◆ TASK TO CARRY OUT:
Your response should contain only the lines running from the top of the data below through the line with "4)冷風(fēng)機和背墻", both included. Pictures must be omitted.

◆ DATA EXCERPT:
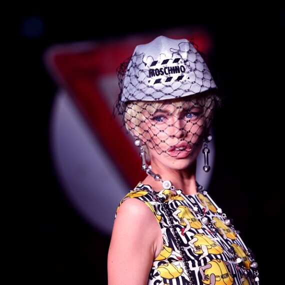 La passerella si trasforma in un cantiere stradale con tanto di segnaletica, coni arancioni e caschetti gialli. È l'effetto Moschino, che per la sua collezione ha voluto stupire tutti prendendo come ispirazione proprio i cantieri. Abiti e borse sono ricoperti da segnali stradali, i tubini sono profilati con tessuti catarinfrangenti. Outfit colorati e vivaci, tripudio di colori pop, frange, tutte e fluorescente rendono la collezione di Moschino divertente e frizzante.
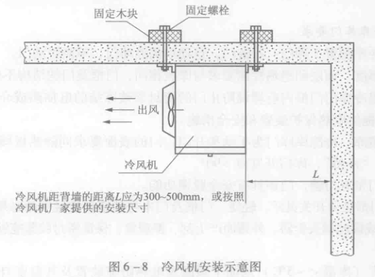 4)冷風(fēng)機和背墻之間的距離為300~500mm,或按冷風(fēng)機廠家提供的尺寸。
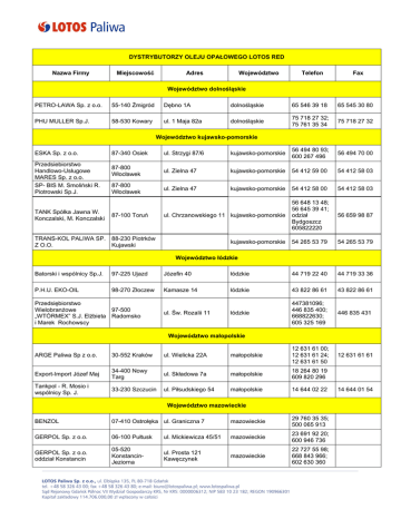 DYSTRYBUTORZY OLEJU OPAŁOWEGO LOTOS RED Nazwa Firmy Miejscowość Adres Województwo Telefon Fax Województwo dolnośląskie PETRO-LAWA Sp. z o.o. 55-140 Żmigród Dębno 1A dolnośląskie 65 546 39 18 65 545 30 80 PHU MULLER Sp.J. 58-530 Kowary ul. 1 Maja 82a dolnośląskie 75 718 27 32; 75 761 35 34 75 718 27 32 Województwo kujawsko-pomorskie ESKA Sp. z o.o. Przedsiebiorstwo Handlowo-Usługowe MARES Sp. z o.o. SP- BIS M. Smoliński R. Piotrowski Sp.J. 87-340 Osiek ul. Strzygi 87/6 kujawsko-pomorskie 56 494 80 93; 600 267 496 56 494 70 00 87-800 Włocławek ul. Zielna 47 kujawsko-pomorskie 54 412 59 00 54 412 58 03 87-800 Włocławek ul. Zielna 47 kujawsko-pomorskie 54 412 58 00 54 412 58 03 ul. Chrzanowskiego 11 kujawsko-pomorskie 56 648 13 48; 56 645 39 41; odział Bydgoszcz 605822220 56 659 98 87 kujawsko-pomorskie 54 265 53 79 54 265 53 79 TANK Spółka Jawna W. Konczalski, M. Konczalski 87-100 Toruń TRANS-KOL PALIWA SP. Z O.O. 88-230 Piotrków Kujawski Województwo łódzkie Batorski i wspólnicy Sp.J. 97-225 Ujazd Józefin 40 łódzkie 44 719 22 40 44 719 33 36 P.H.U. EKO-OIL 98-270 Złoczew Kamasze 14 łódzkie 43 822 86 61 43 822 86 61 łódzkie 447381096; 446 835 400; 668822630; 605 325 169 446 835 431 12 631 61 61 Przedsiębiorstwo Wielobranżowe 97-500 „WTÓRMEX” S.J. Elżbieta Radomsko i Marek Rochowscy ul. Św. Rozalii 11 Województwo małopolskie ARGE Paliwa Sp z o.o. 30-552 Kraków ul. Wielicka 22A małopolskie 12 631 61 00; 12 631 61 24; 12 631 61 50 Export-Import Józef Maj 34-400 Nowy Targ ul. Składowa 7a małopolskie 18 264 80 19 609 820 296 Tankpol - R. Mosio i wspólnicy Sp. J. 33-230 Szczucin ul. Piłsudskiego 54 małopolskie 14 644 02 22 Województwo mazowieckie BENZOL 07-410 Ostrołęka ul. Graniczna 7 mazowieckie 29 760 35 35; 500 065 913 GERPOL Sp. z o.o. 06-100 Pułtusk ul. Mickiewicza 45/51 mazowieckie 23 691 92 20; 600 946 736 GERPOL Sp. z o.o. oddział Konstancin 05-520 KonstancinJeziorna ul. Prosta 121 Kawęczynek mazowieckie 22 727 55 98; 668 843 966; 602 630 360 14 644 01 54 GERPOL Sp. z o.o., oddział Drobin 09-210 Drobin Warszewka mazowieckie 23 679 19 29; 24 260 11 39; 604 997 576 PETROENERGIA Sprzedaż Paliw Sławomir Zaręba 05-110 Jabłonna ul. Chotomowska 51 mazowieckie 22 782 40 90 22 782 57 90 PETROLIS Sp. z o.o. 26-670 Pionki Kieszek 52 mazowieckie 48 384 80 24 48 384 80 24 07-200 Wyszków ul. Serocka 11a mazowieckie 29 74 24 396 29 74 30 281 06-420 GołyminOśrodek mazowieckie 602 246 491 23 671 60 01 Przedsiębiorstwo Budowlano- Handlowe "Z. Niziński" Stacja Paliw Waldemar Krzysztof Cejmer ul. Szosa Ciechanowska 4 Województwo podlaskie Przedsiębiorstwo Handlowo- Sprzętowe Budownictwa "Transbud Ełk" Przedsiębiorstwo Handlowo- Sprzętowe Budownictwa "Transbud Ełk" PTHU Pryma 1 Hanna Gosk 16-500 Sejny ul. Łąkowa 5 podlaskie 87 516 34 34 87 516 34 34 16-400 Suwałki ul. Północna 27 podlaskie 87 667 59 79 87 667 59 79 18-400 Łomża Al. Legionów 141 D podlaskie 86 218 21 47; 86 218 55 53 86 218 55 53 Województwo pomorskie 82-500 Kwidzyn Rozpędziny 1D pomorskie 55 262 86 60; 55 262 93 96; 602 68 48 18 83-110 Tczew Czatkowy 21a pomorskie 58 531 24 43; 607 985 000 58 531 24 43 wew. 26 83-420 Liniewo ul. Łąkowa 1 pomorskie 58 687 82 03; 695 582 715 58 687 82 04 Hurtownia Paliw i Olejów KORIM-OIL 89-600 Chojnice Karolewo 20 pomorskie 52 397 43 30; 606 408 798; 662 208 761 OKTAN Brzeski Grzenkowicz Sp. z o.o. 76-200 Słupsk Boh. Westerplatte 7 pomorskie 59 811 34 78; 58 684 51 21 PHU Malnaft Sp. z o.o. 82-200 Malbork ul. Łąkowa 1 pomorskie 55 272 22 60; 55 272 87 64 Duet Kwidzyn Sp.J. DYSTRYBUCJA PALIW Sp. z o.o. Firma UsługowoHandlowa "Maja" Jacek Knitter 58 811 34 77 Województwo śląskie BEMAR Sp. z o.o. 44-101 Gliwice ul. Świętokrzyska 2 śląskie 32 231 50 40 32 231 78 36 EKO-AGB P.H.U. 44-230 CzerwionkaLeszczyny ul. Szyb Zachodni 8 śląskie 32 431 85 46 Zakład UsługowoHandlowy " Mixpol" Michulec Paweł 34-325 Łodygowice ul. Kasztanowa 33 śląskie 33 863 39 56 33 863 39 56 Województwo świętokrzyskie ARON Sp. z o.o. 25-852 Kielce ul. Chorzowska 22 świętokrzyskie 41 346 83 10; 604 605 757 41 346 53 60 REGESTA S.A. 28-400 Pińczów ul. 3- go Maja 40 świętokrzyskie 41 357 22 79 41 357 50 03 2 Województwo warmińsko-mazurskie FALCO Mazurkiewicz, Gwiazda, Sp.j. Przedsiębiorstwo Handlowo- Sprzętowe Budownictwa "Transbud Ełk" Przedsiębiorstwo Handlowo- Sprzętowe Budownictwa "Transbud Ełk" Przedsiębiorstwo Handlowo- Sprzętowe Budownictwa "Transbud Ełk" Przedsiębiorstwo Handlowo- UsługoweStacja Paliw" Duet" Tracom Sp. z o.o. 10-602 Olsztyn, Barczewo Terminal Paliw Łęgajny k/ Barczewa warmińskomazurskie 89 514 45 26; 89 514 86 00 89 514 45 26 12-200 Pisz ul. Wojska Polskiego 35 warmińskomazurskie 87 423 45 12 87 423 45 12 19-300 Ełk ul. Łukasiewicza 1 warmińskomazurskie 87 621 74 23 87 621 60 77 19-400 Olecko ul. Wojska Polskiego 9 warmińskomazurskie 87 520 14 37 87 520 14 37 14-200 Iława ul. Lubawska 5 warmińskomazurskie 89 648 32 25 605 565 590 89 648 41 76 11-700 Mrągowo ul. Przemysłowa 11 warmińskomazurskie 89 741 07 50; 89 741 07 80 Województwo wielkopolskie "HAWA" Sp. z o.o. 62-200 Gniezno ul. Grunwaldzka 4 wielkopolskie 61 425 96 98 61 424 51 09 MAC- BENZ Zenon i Maciej Kłaczkiewicz Sp.J. 64-500 Szamotuły ul. Lipowa wielkopolskie 61 292 70 37; 61 292 35 41 61 292 78 51 Petrol- Hawen Sp.J. 64-920 Piła ul. Dąbrowskiego 8 wielkopolskie 67 215 11 59 67 215 11 62 T&J Spółka Jawna Tyrakowski, Jachnik 63-220 Kotlin ul. Ks. Rymarkiewicza 1D wielkopolskie 62 740 56 83; 603 646 544 62 740 55 63 TEXOL Milewski, zakrzewski Sp.J. 62-020 Swarzędz ul. Rabowicka 2 wielkopolskie 61 817 22 80 61 817 22 80 62-600 Koło ul. Toruńska 186 wielkopolskie 63 261 60 50; 601 180 865 63 261 66 58 62-610 Sompolno ul.Warszawska 58 wielkopolskie 63 271 42 27; 63 261 42 75 63 271 42 27 94 347 18 71; 94 347 18 72; 800 157 001 94 347 18 59 TRANS-KOL PALIWA SP. Z O.O. Zakład UsługowoHandlowy " Naftohurt" Jerz

◆ WRITTEN SOLUTION:
 La passerella si trasforma in un cantiere stradale con tanto di segnaletica, coni arancioni e caschetti gialli. È l'effetto Moschino, che per la sua collezione ha voluto stupire tutti prendendo come ispirazione proprio i cantieri. Abiti e borse sono ricoperti da segnali stradali, i tubini sono profilati con tessuti catarinfrangenti. Outfit colorati e vivaci, tripudio di colori pop, frange, tutte e fluorescente rendono la collezione di Moschino divertente e frizzante.
 4)冷風(fēng)機和背墻之間的距離為300~500mm,或按冷風(fēng)機廠家提供的尺寸。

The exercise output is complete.